First, what do you put in as “major events” for each year? I’m sure we can all agree on some of what I put in as headlines that deserved mentioning, but there are probably other events that you think I should have included but didn’t. Sorry.
Second, there were many other events in those 35 years that I didn’t include just for the sake of brevity, and I say that with a smirk because this story is way too long to begin with, but then again so was my 35 years long; I tried to strike a balance. At least I hope the pictures kept you entertained.
If you are wondering, I do not miss the trips. Period. After 35 years of bag dragging I wanted to vomit that last year. I loved the flying, but not the packing and unpacking, the TSA, the incredibly non-standard security checks in each of the European airports…belt off, shoes off; belt on, shoes on; sometimes liquids taken, other times not; sometimes, laptop out, sometimes it was ok to leave it in my backpack…WTH (By far Dublin’s security was the most strict, can’t tell you how much toothpaste, deodorant, etc they took); At least the TSA in America is consistent.
Finally, I have gotten my 3rd class FAA flying physical and got checked out at the Scottsdale Airport with Flightworks Aviation on their Cirrus SR-22 G5 turbos (they have 7). It is a remarkably capable aircraft with an avionics suite that rivals what I flew in my airliners…flying is in my blood, it’s what saved me from my hell on earth. Pilots are people too.
COPYRIGHT December, 2023 Roger Johnson, All RIGHTS RESERVED
Roger, what an amazing career. I read the whole post in one sitting- mesmerized. Thank you for investing yourself in telling your story... and telling it well and transparently.
Like you, I got sick of the bag drag, only I got sick of it much earlier. That’s why I spent the last 10 years of my career flying morning out and backs to New Orleans.
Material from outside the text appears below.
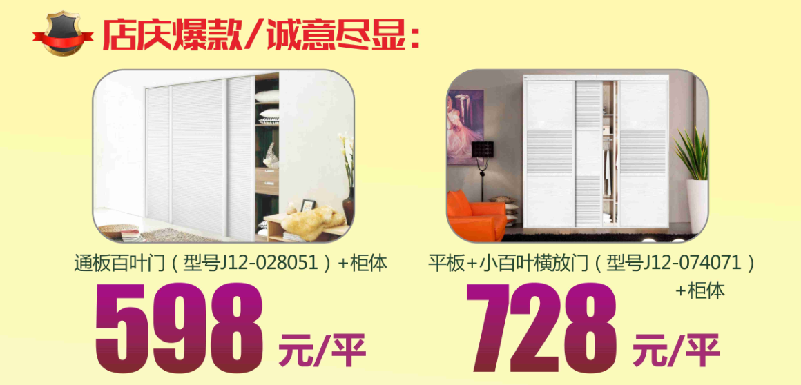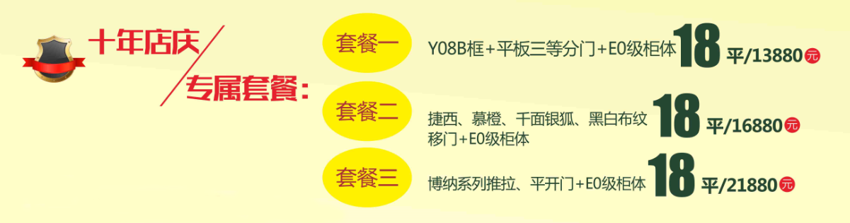 专属套餐一:Y08B框+平板三等分门+E0级柜体 18平/13880元

In those 10 years I bet I didnt spend more than 8 days/nights in a crew hotel (and 5 of those were because I forget to bid!)
I feel your pain about alimony/child support payments. At one time I was paying over $120k/year. I was technically bankrupt when I first met Gina-even borrowed money from a single mom with 2 kids to make ends meet one month. How humiliating. But God is good and specializes in broken vessels, and He has blessed us beyond measure.
I am thrilled to read about your current marriage. If we let him, God turns lemons into lemonade. Grace over judgment.
Thanks again for sharing your story... I really enjoyed it.